After seeing digital revenue surpass print revenue last year, the New York Times exceeded 7.5 million print and digital subscriptions in 2020, even as ad revenue declined.
New Yorker staff writer Vinson Cunningham has announced that his debut novel, The Party Year, has been sold to Hogarth. Cunningham is also working on a book about R&B.
Freelance writer Dean Sterling Jones has accused The Atlantic of using his work without giving him credit or payment. Jones was cited as a source for an article about Maria Butina’s legal bills, but Jones is claiming that the magazine used some of the exact wording of his pitch.
On the Maris Review podcast, host Maris Kreizman talks with Christopher Bonanos about his new book, The Encyclopedia of New York. Bonanos, whose last book was about the photographer Weegee, looks back at the city’s overlapping crisis in the 1970s and ’80s: “New York lost a million people in the 1970s. Unthinkable now. All of that changed the character of the city, and that’s when New York really felt like it was over, because its reason for being ended. Did it end? It did not.”

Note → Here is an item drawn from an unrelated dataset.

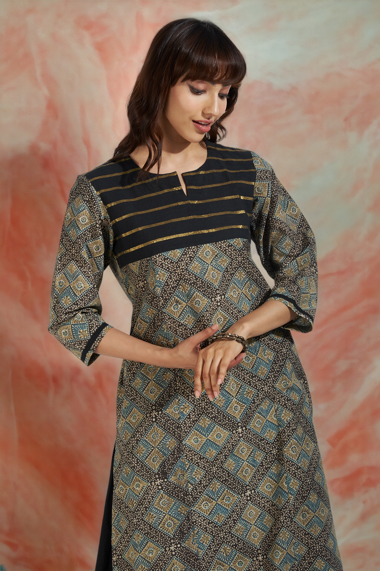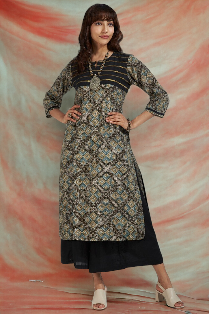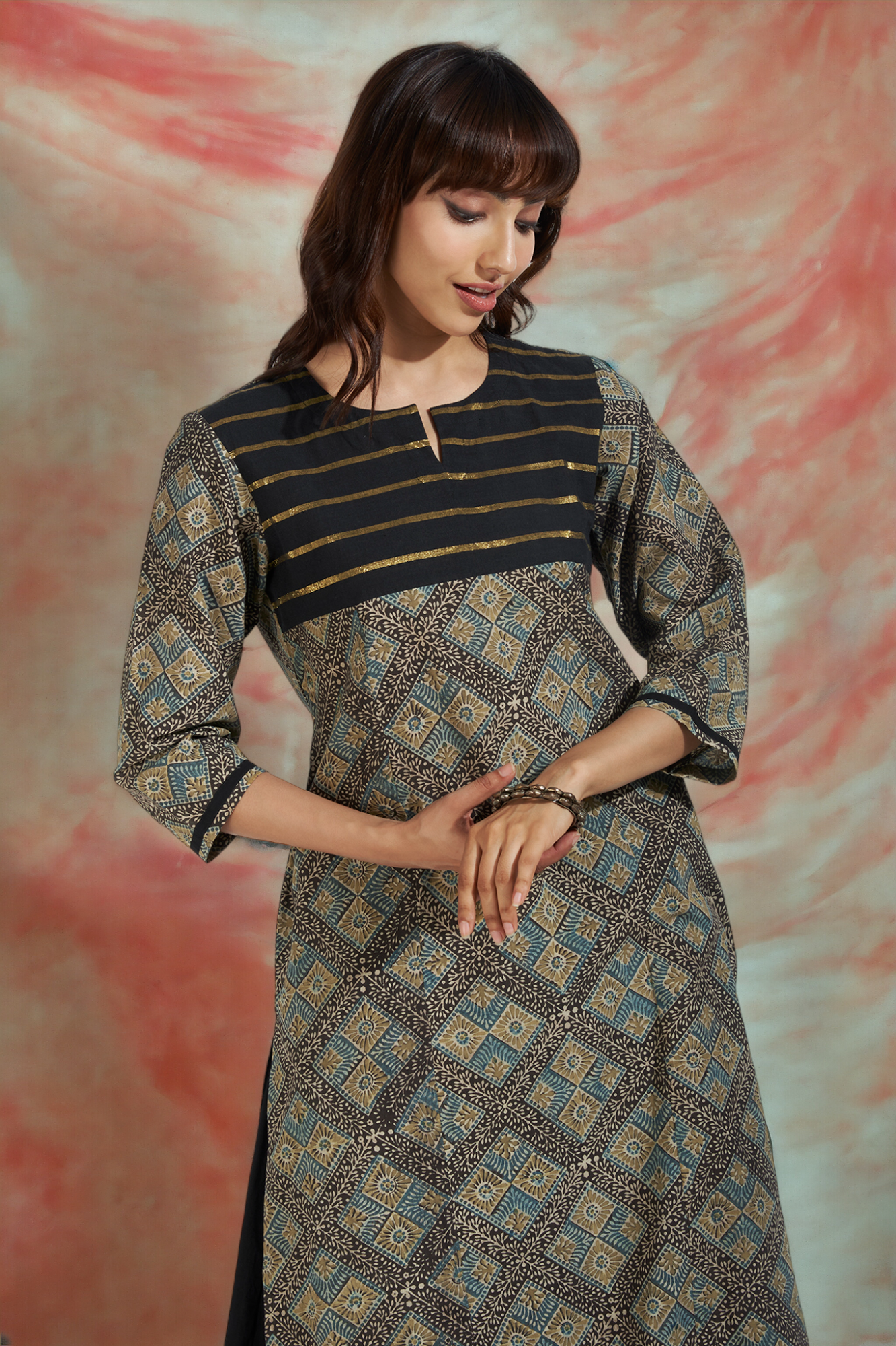 A harmonious blend of bold design and intricate craftsmanship. This kurta stands as a testament to our commitment to combining striking elements that result in a stunning visual symphony. The yoke features bold gold and black stripes meticulously arranged to form a captivating geometric pattern that exudes modernity and confidence. This design seamlessly flows into the coffee-toned ajrakh pattern, evoking a sense of vintage charm in hues of natural indigo and brown.

In the London Review of Books, historian Steven Shapin looks at a new book about Daniel Sutton, the eighteenth-century scientist who pioneered inoculations for smallpox.
On Tuesday, February 9, Pulitzer-winning author of The Sixth Extinction Elizabeth Kolbert will discuss her new book with Bill McKibben at a virtual event hosted by Powell’s Books. Under a White Sky: The Nature of the Future investigates “how the very sorts of interventions that have imperiled out planet are increasingly seen as the only hope for its salvation.”